In Vitro Malignant Transformation

To further asses the propensity of the clinical product to undergo malignant transformation during cell manufacturing, samples of MSCs and γMSCs, obtained at the completion of cGMP‐production that would be infused into a human subject, were placed in routine tissue culture (DMEM‐LG, 10% FBS) and serially passaged until senescence. Initially, the doubling time was 2–3 days and then slowed to 19–21 days by 3 months. At 2 months (10 passages), the cells were observed to spread on the plastic tissue culture surface assuming widened morphology, in contrast to the spindle shape of younger, actively replicated cells (Supporting Information Fig. 3). Subsequently, the cells progressively spontaneously released from the plastic surface. Throughout the 6‐month interval of in vitro observation, MSCs and γMSCs similarly expanded showing no effect of IFNγ exposure during the cell manufacturing. Moreover, both cells populations expanded evenly without emergence of a rapidly replicating subpopulation.

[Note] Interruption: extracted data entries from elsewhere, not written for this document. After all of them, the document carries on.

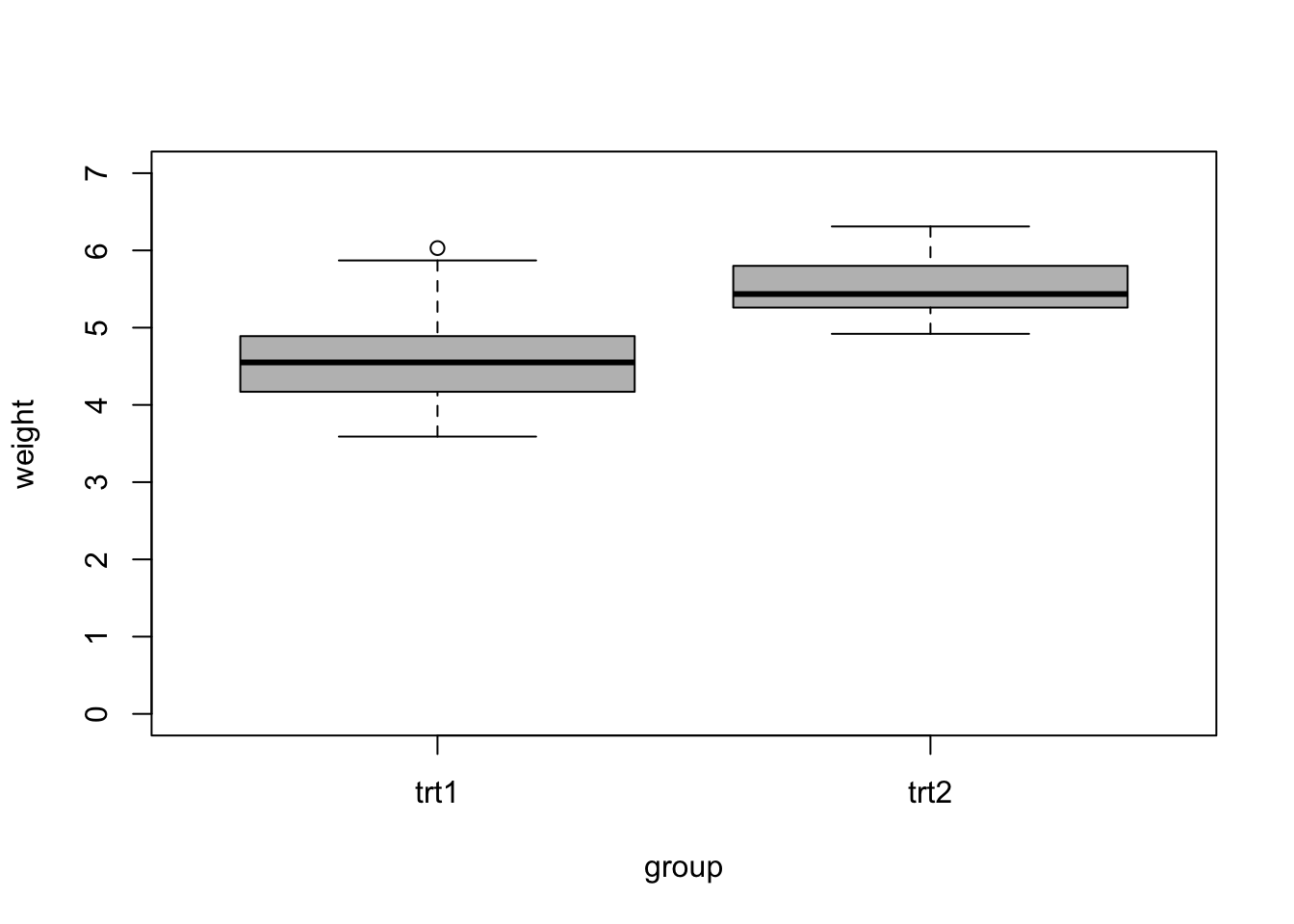 library(faraway) df.plant <- PlantGrowth[-c(1:10),] df.plant$group <- factor(df.plant$group) boxplot(weight ~ group,df.plant,col="grey",ylim=c(0,7))
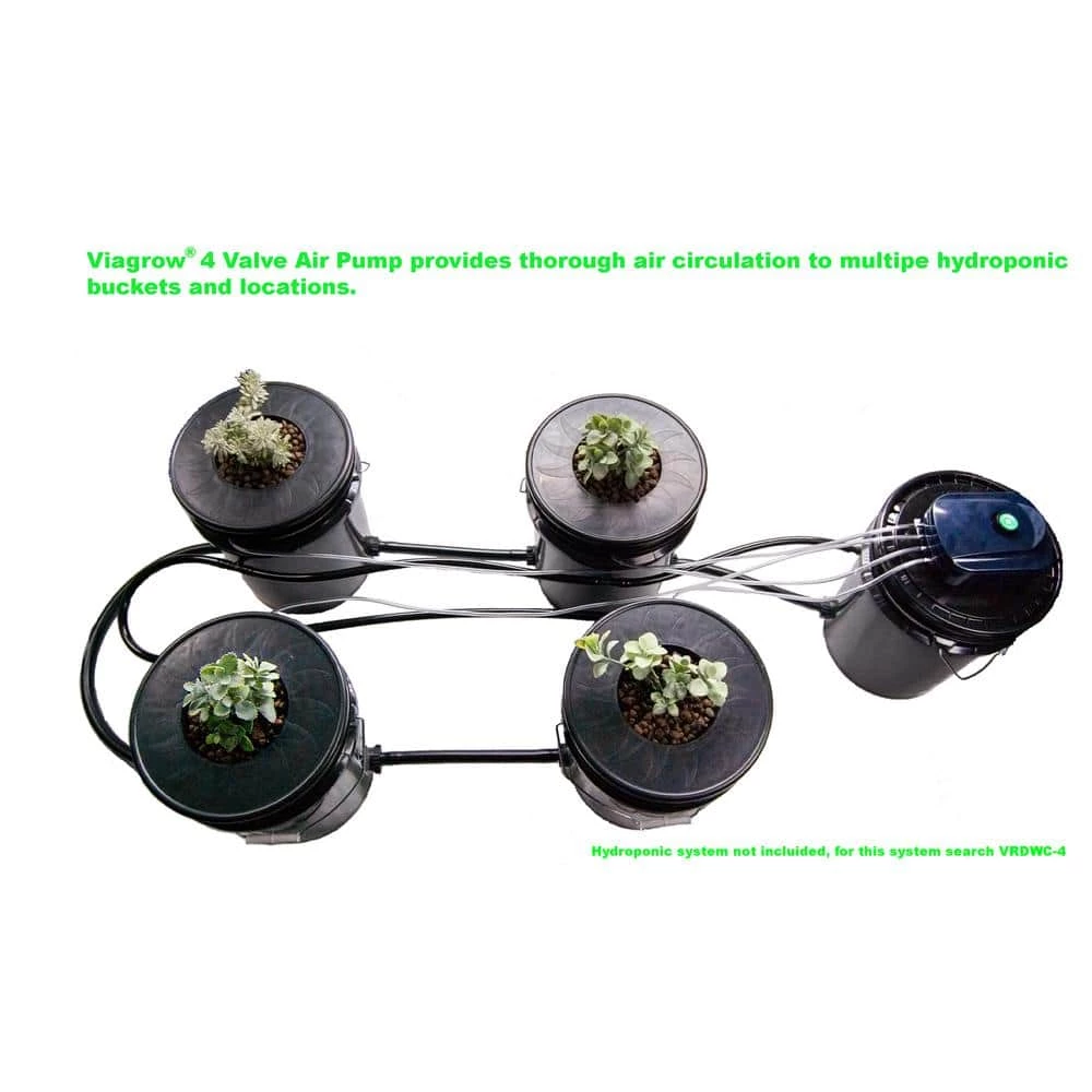 The Viagrow Four Valve Air Pump is the perfect choice for your air accessory needs. The unique, stylish design keeps the noise down to a minimum. Our Air Pump features easy maintenance and maintains optimum airflow. Specs are 10 L/min (2.5 L/min per valve), 8W and four post and utilizes 1/4 in. OD 3/16 in. ID tubing. Kit includes 24 ft. 3/16 in. clear tubing, 4 round 2 in. air stone, 4 – 4 mm check valves and the four valve air pump.
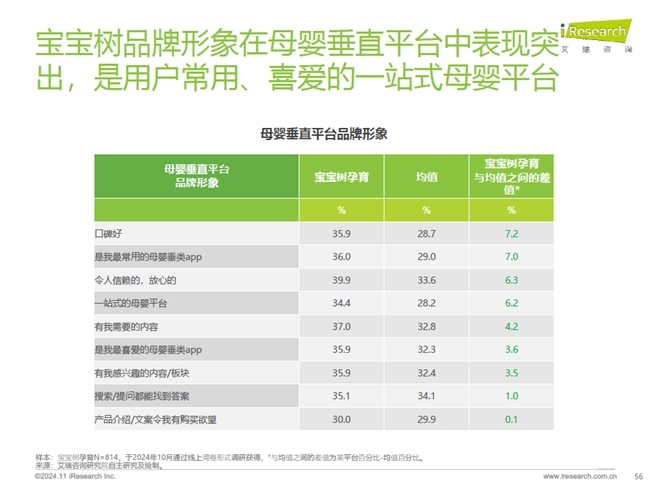 随着居民收入的稳步增长和家庭对高品质生育、精细化育儿的追求,新生代父母对母婴产品和服务需求的日益增长,母婴行业正迎来前所未有的变革,中国母婴市场正展现出新的发展趋势。近日,由艾瑞咨询发布的《2024年中国母婴亲子人群营销趋势洞察报告》(以下简称“报告”),深入分析了母婴行业的消费趋势、品牌营销现状及未来发展方向,揭示了数字化和智能化在推动行业创新中的关键作用。国内母婴社区头部平台之一,宝宝树以其优质的用户服务和精准的市场定位,在母婴垂直平台中稳居行业领先地位,而且在用户粘性、品牌形象等方面表现出色。
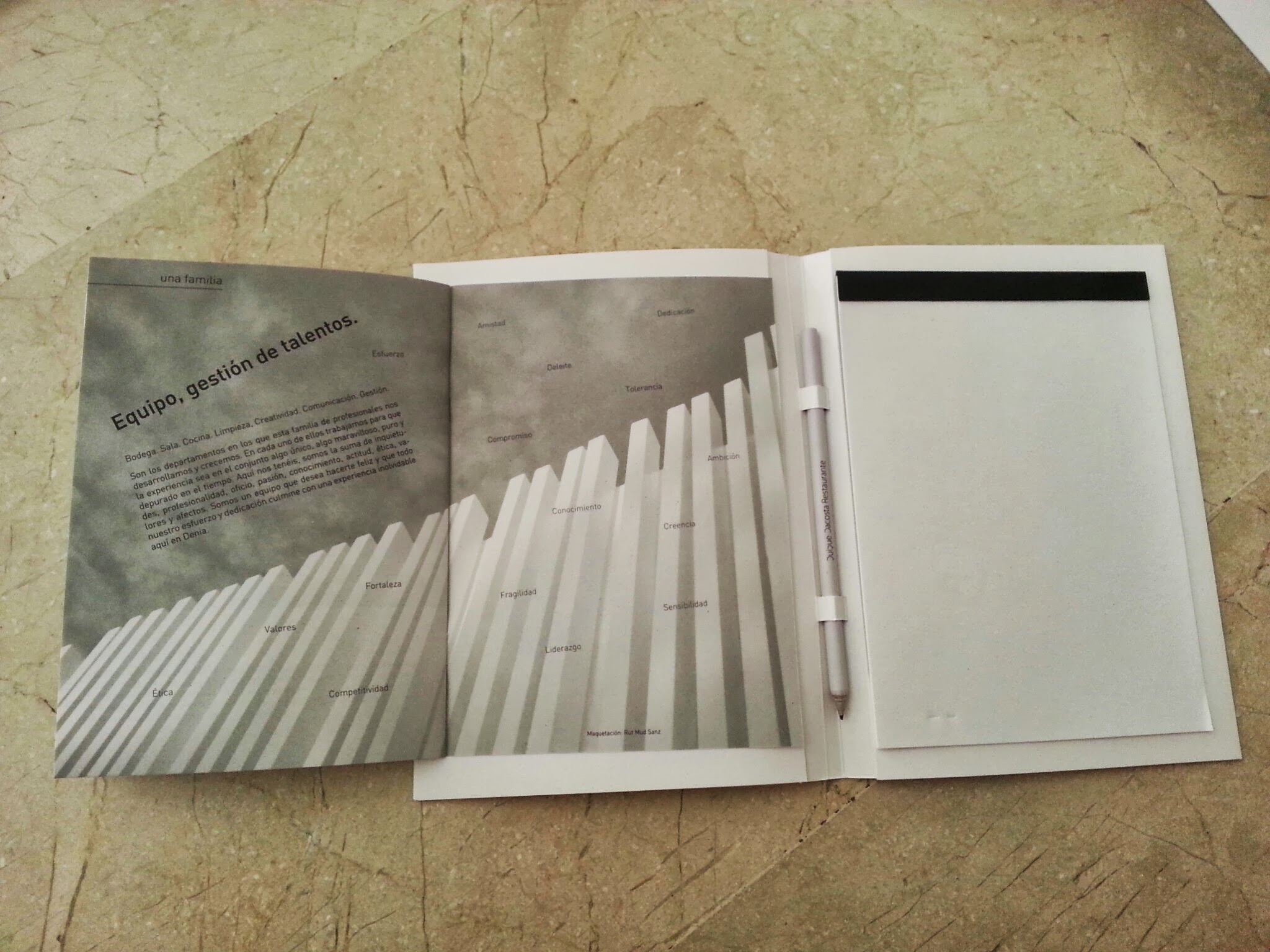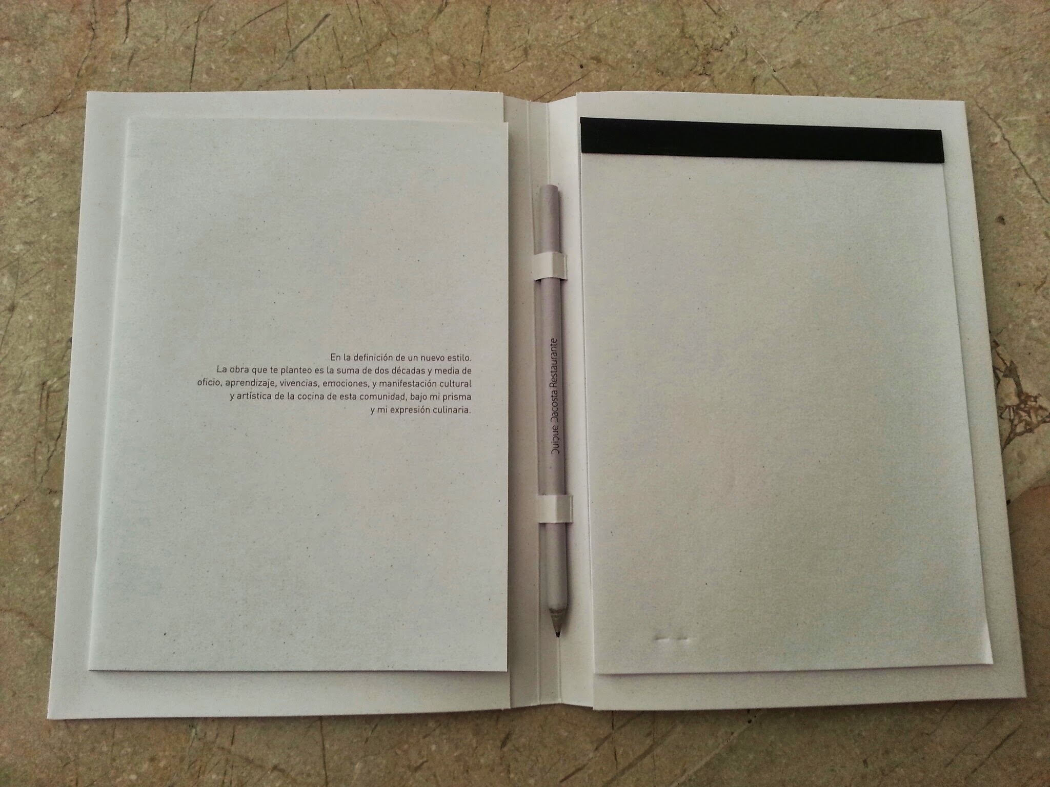 Al llegar, comienzas con los snacks en la zona de terraza. Eliges el sitio disponible que más te plazca y te acomodas antes de que te traigan el welcome pack. Es la primera vez que veo algo así y me parece una idea de 10. Consiste en una carpeta con los menús en un sobre, una intro curradísima del restaurante y su equipo, y tu libreta para tomar notas. Vamos que no te vas a aburrir. Chapó!!
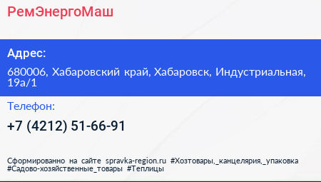 РемЭнергоМаш по адресу 680006, Хабаровский край, Хабаровск, Индустриальная, 19а/1 в дальнейшем Организация, размещена в следующих категориях:
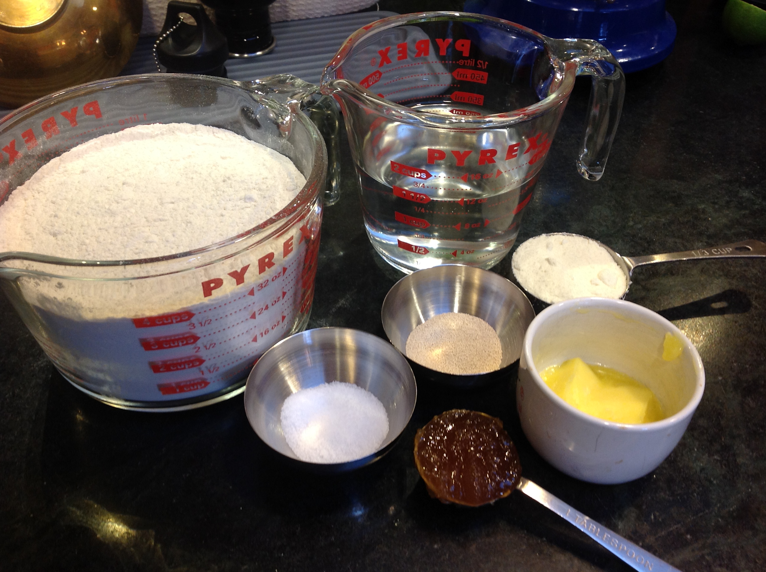 - 3 cups flour (I used 2.5 cups King Arthur bread flour and 0.5 cups King Arthur whole wheat flour)
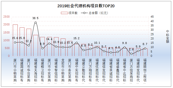 数据显示,2019年度厦门市公物采购招投标有限公司项目数超2000个,其中企业采购系统和教育系统的项目占比超50%;而福建省天海招标有限公司项目金额居于首位,其中PPP项目金额占比37.6%。
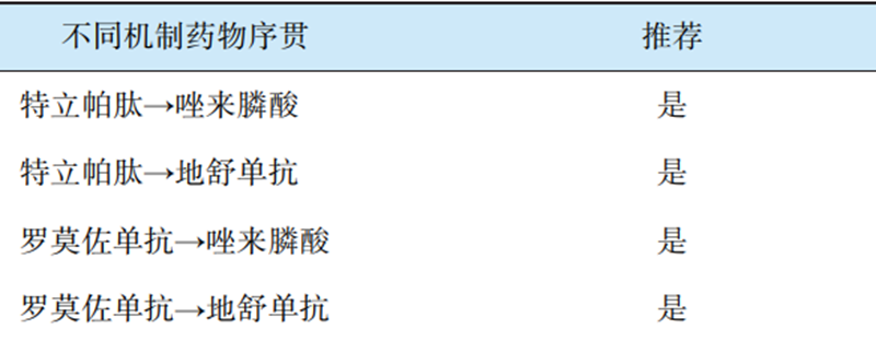 ①特立帕肽序贯双膦酸盐类药物或地舒单抗治疗,可有效增加骨密度,降低骨折风险,是较为合适的序贯治疗模式。
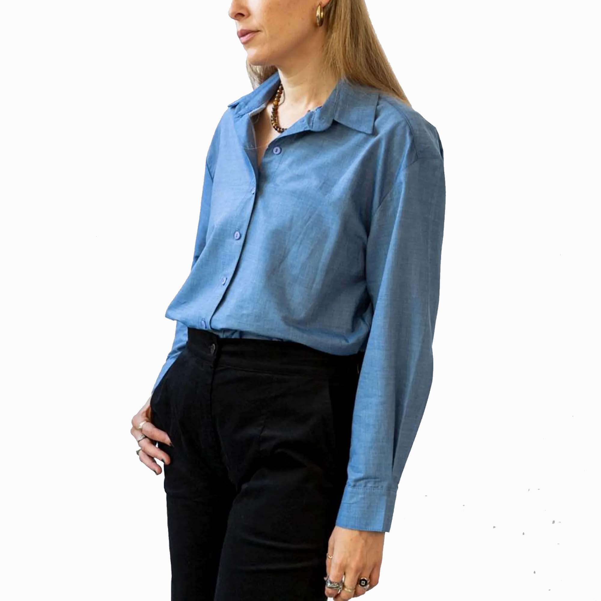 Blue Jean Button Up Shirt – A timeless staple for casual and smart-casual wardrobes. Made from soft yet durable denim, this shirt offers all-day comfort with a structured look. Featuring a classic button-up front, chest pockets, and a relaxed fit, it’s versatile enough to wear on its own or layered over a tee. Perfect for pairing with jeans, chinos, or skirts for a laid-back yet stylish outfit.
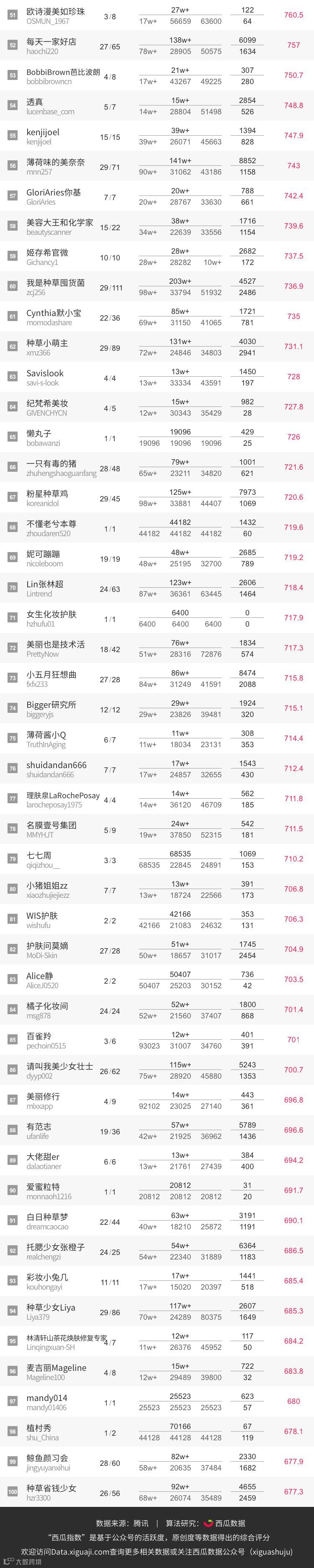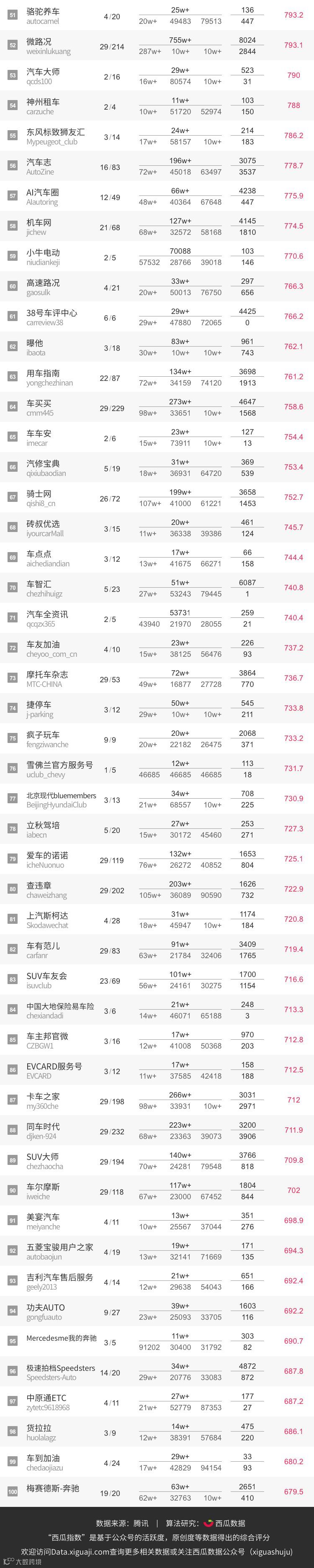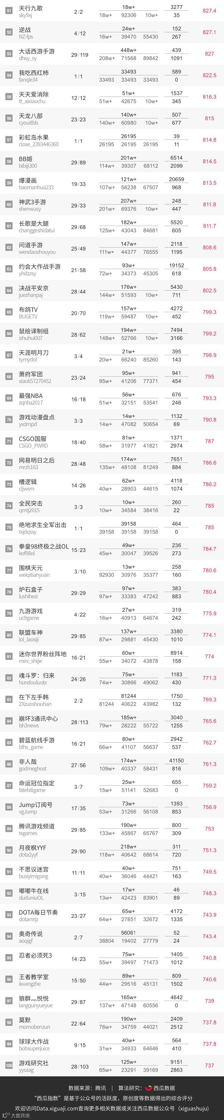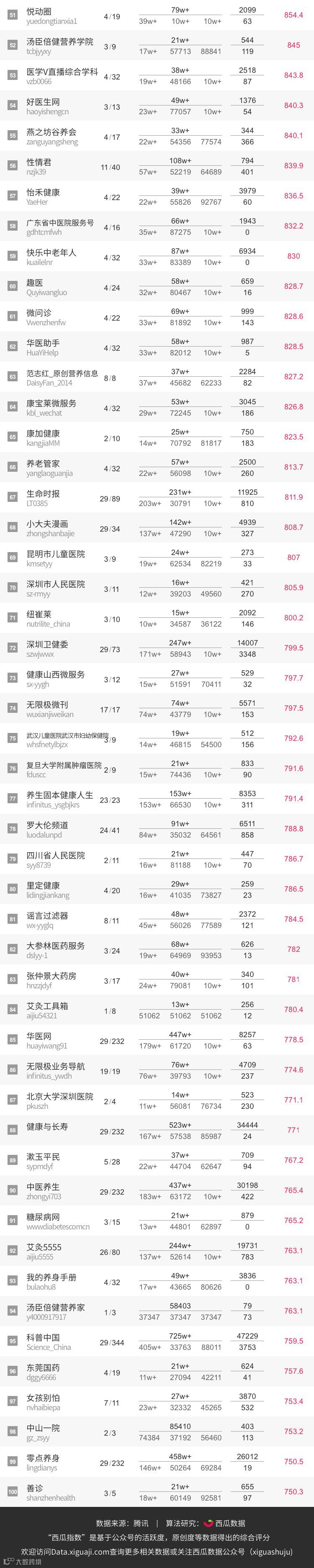 在本份月榜中除了西瓜指数外,还会显示指定周期内公众号发文次数、发文篇数、总阅读数、头条总阅读数、平均阅读数、最高阅读数、总点赞数、总留言数等数据。这些数据显示更加方便大家直观对比公众号之间的数据。

Next, clinical GMP‐manufactured products were assessed by soft agar colony forming assay to detect anchorage‐independent clonal proliferation (Fig. 4). The positive control (ES‐2 carcinoma) demonstrates robust colony formation with several large colonies and too numerous to count small colonies. Agar plates with MSCs or γMSCs were devoid of any colony formation similar to the negative control.

Figure 4.

Figure 4

Soft agar colony forming assay to detect malignant transformation. Representative photographs of triplicate agar plates for each condition are shown. The positive control was a human ES‐2 ovarian clear cell carcinoma cell line. The negative control was saline. Original magnification was ×46. Abbreviations: IFNγ, interferon γ; MSCs, mesenchymal stem/stromal cells.

Biodistribution

To determine the biodistribution of the clinical product in healthy NSG mice, we infused 250,000 MSCs (n = 6) or γMSCs (n = 6), or 200 μl saline (n = 6, controls). At graded intervals, we assessed DNA isolated from freshly harvested tissues for the evidence of MSCs (human DNA) with a quantitative PCR assay using primers specific for a single copy human (HBB) or mouse (RABSYN) gene (Supporting Information Table 2). The assay was considered negative if a threshold (Ct) was not attained by 36 cycles of amplification (limit of linear response). Analysis of standards, comprised of mixing DNA derived from human MSCs with murine DNA demonstrated a quantitative sensitivity of 0.05% human tissue (MSCs) within murine tissue samples and complete specificity (no false positives, n = 5) within the experimental limits. We intermittently detected 0.01% human tissue, but the Ct (>36) deviated from linearity. Assay of tissues obtained from NSG mice without MSC infusions (negative controls) confirmed the specificity. At 24 hours after infusion, we unambiguously identified lung‐derived DNA as human representing MSCs that had, as expected, presumably lodged in the pulmonary capillary beds. Human DNA (MSCs) was undetectable in all other tissues. By day 7, all tissues were devoid of detectable human cells.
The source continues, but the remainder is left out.